Among the lines below, restate word for word only those from the line with "青海湖流域位于青藏高原的东北部(36° 15'-38° 20'" through the line with "Né en 1953 dans", with both end lines kept.

▸ **Data to use**
--------------------------------

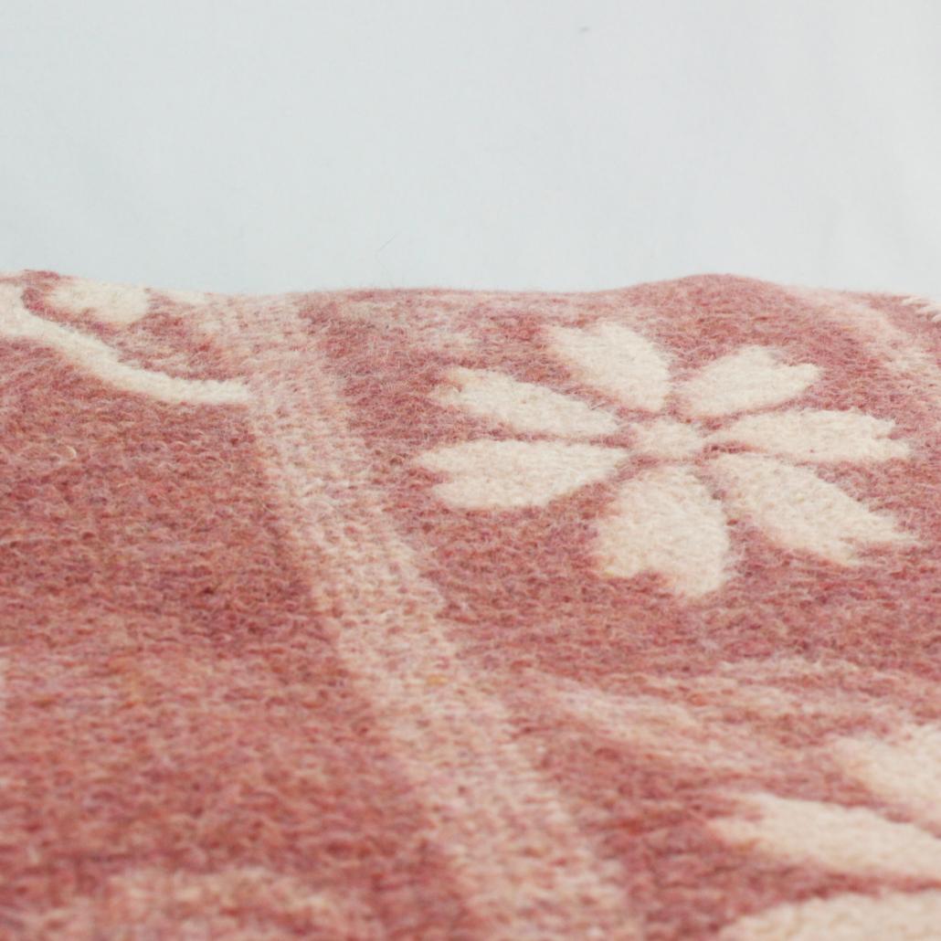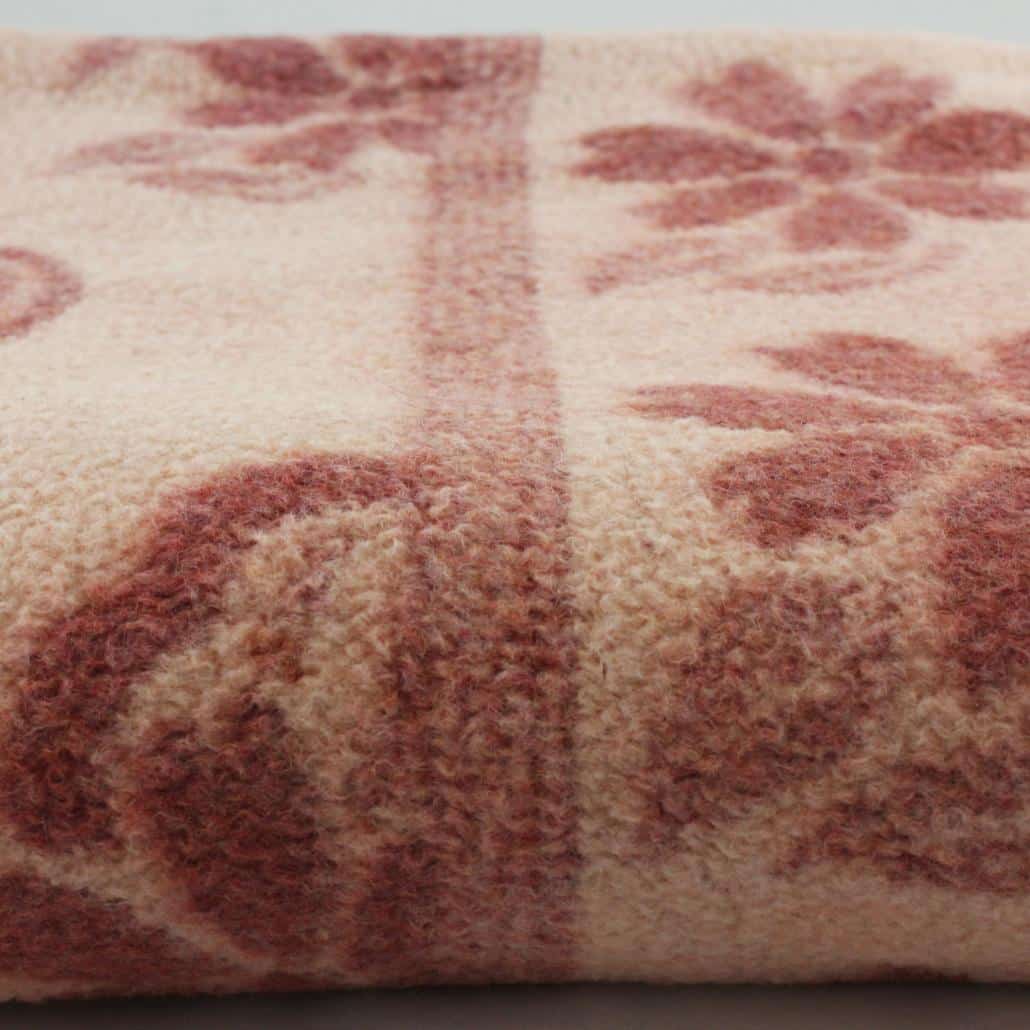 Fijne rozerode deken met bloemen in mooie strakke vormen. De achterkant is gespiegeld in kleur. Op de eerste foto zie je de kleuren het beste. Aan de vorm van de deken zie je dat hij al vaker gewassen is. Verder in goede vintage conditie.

--------------------------------

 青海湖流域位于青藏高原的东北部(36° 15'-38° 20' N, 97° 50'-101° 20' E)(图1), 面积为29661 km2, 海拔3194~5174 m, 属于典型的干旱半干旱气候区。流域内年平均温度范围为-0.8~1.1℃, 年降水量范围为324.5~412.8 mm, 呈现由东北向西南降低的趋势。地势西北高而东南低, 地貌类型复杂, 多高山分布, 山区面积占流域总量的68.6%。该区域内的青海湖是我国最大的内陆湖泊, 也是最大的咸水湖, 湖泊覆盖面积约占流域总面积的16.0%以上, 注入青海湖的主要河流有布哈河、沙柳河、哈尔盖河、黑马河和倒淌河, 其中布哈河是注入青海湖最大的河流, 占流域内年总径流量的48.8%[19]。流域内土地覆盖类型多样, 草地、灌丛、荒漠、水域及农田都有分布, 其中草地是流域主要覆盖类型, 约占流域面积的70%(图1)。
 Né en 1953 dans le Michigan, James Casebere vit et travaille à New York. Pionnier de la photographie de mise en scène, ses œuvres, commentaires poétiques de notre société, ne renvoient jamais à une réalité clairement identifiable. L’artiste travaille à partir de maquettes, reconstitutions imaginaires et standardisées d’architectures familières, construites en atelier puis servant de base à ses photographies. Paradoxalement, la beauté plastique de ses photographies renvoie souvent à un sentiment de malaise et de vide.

--------------------------------

▸ **Problem solution**
 青海湖流域位于青藏高原的东北部(36° 15'-38° 20' N, 97° 50'-101° 20' E)(图1), 面积为29661 km2, 海拔3194~5174 m, 属于典型的干旱半干旱气候区。流域内年平均温度范围为-0.8~1.1℃, 年降水量范围为324.5~412.8 mm, 呈现由东北向西南降低的趋势。地势西北高而东南低, 地貌类型复杂, 多高山分布, 山区面积占流域总量的68.6%。该区域内的青海湖是我国最大的内陆湖泊, 也是最大的咸水湖, 湖泊覆盖面积约占流域总面积的16.0%以上, 注入青海湖的主要河流有布哈河、沙柳河、哈尔盖河、黑马河和倒淌河, 其中布哈河是注入青海湖最大的河流, 占流域内年总径流量的48.8%[19]。流域内土地覆盖类型多样, 草地、灌丛、荒漠、水域及农田都有分布, 其中草地是流域主要覆盖类型, 约占流域面积的70%(图1)。
 Né en 1953 dans le Michigan, James Casebere vit et travaille à New York. Pionnier de la photographie de mise en scène, ses œuvres, commentaires poétiques de notre société, ne renvoient jamais à une réalité clairement identifiable. L’artiste travaille à partir de maquettes, reconstitutions imaginaires et standardisées d’architectures familières, construites en atelier puis servant de base à ses photographies. Paradoxalement, la beauté plastique de ses photographies renvoie souvent à un sentiment de malaise et de vide.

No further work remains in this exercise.